EXTRACTED RECORDS:
————————

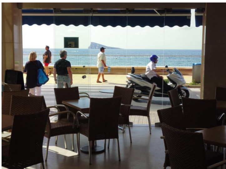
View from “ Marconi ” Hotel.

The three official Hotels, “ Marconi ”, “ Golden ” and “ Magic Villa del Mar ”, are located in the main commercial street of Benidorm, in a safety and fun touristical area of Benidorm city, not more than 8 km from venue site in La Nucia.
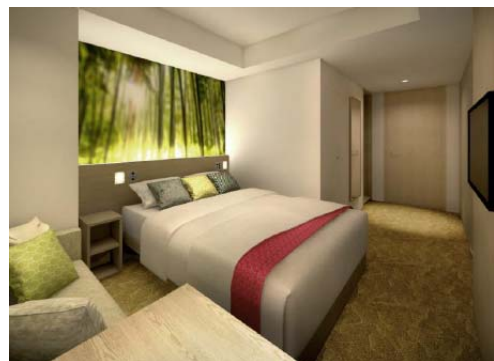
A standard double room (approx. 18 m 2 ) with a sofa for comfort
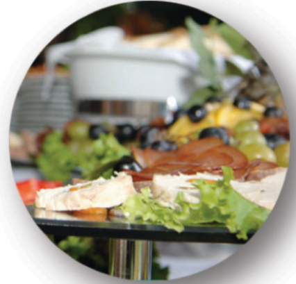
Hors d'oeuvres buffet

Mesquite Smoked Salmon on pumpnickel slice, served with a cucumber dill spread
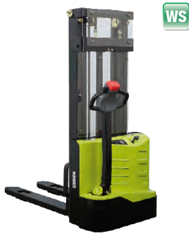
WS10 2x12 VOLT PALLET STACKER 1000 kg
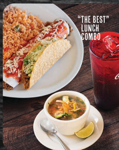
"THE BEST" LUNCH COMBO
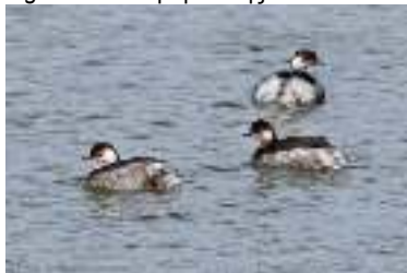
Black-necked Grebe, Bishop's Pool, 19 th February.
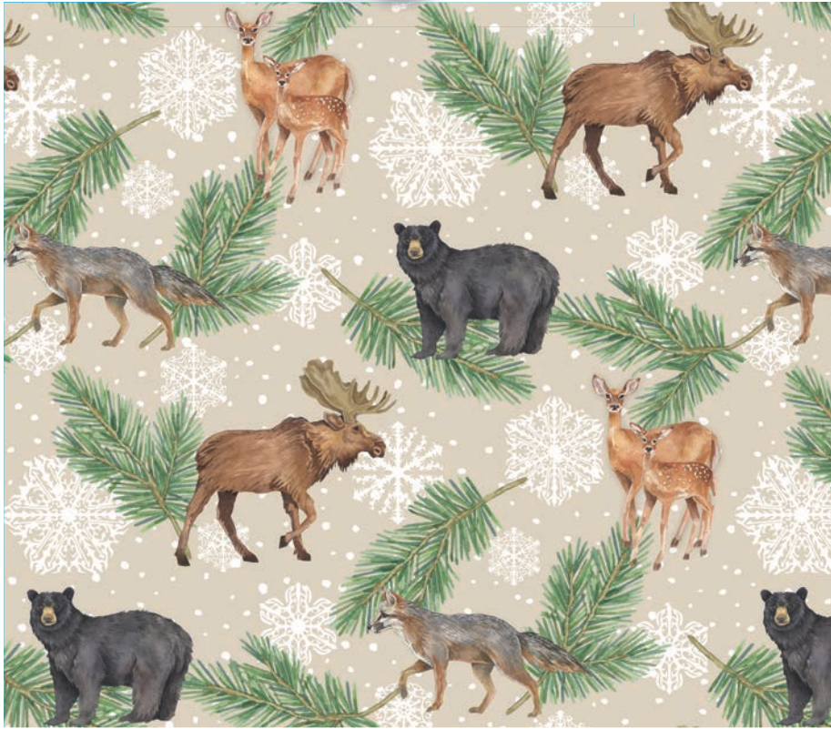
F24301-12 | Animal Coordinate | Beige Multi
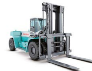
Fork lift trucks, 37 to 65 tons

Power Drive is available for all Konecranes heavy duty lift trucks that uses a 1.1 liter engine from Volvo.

————————

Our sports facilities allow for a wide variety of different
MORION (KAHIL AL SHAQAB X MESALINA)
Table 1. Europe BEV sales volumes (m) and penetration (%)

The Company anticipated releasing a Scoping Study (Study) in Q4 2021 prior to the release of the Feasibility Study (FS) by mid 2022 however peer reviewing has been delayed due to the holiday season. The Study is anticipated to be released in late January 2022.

————————

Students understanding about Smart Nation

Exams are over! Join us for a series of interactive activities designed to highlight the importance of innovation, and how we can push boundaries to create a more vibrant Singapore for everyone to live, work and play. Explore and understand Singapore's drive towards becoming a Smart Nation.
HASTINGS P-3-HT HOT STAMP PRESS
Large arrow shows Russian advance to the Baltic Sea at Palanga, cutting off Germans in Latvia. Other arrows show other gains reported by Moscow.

————————

ASSIGNED TASK:
Counting only lines that hold the string "with", give the number of such lines in the records. Write nothing else.

ANSWER SPACE:
2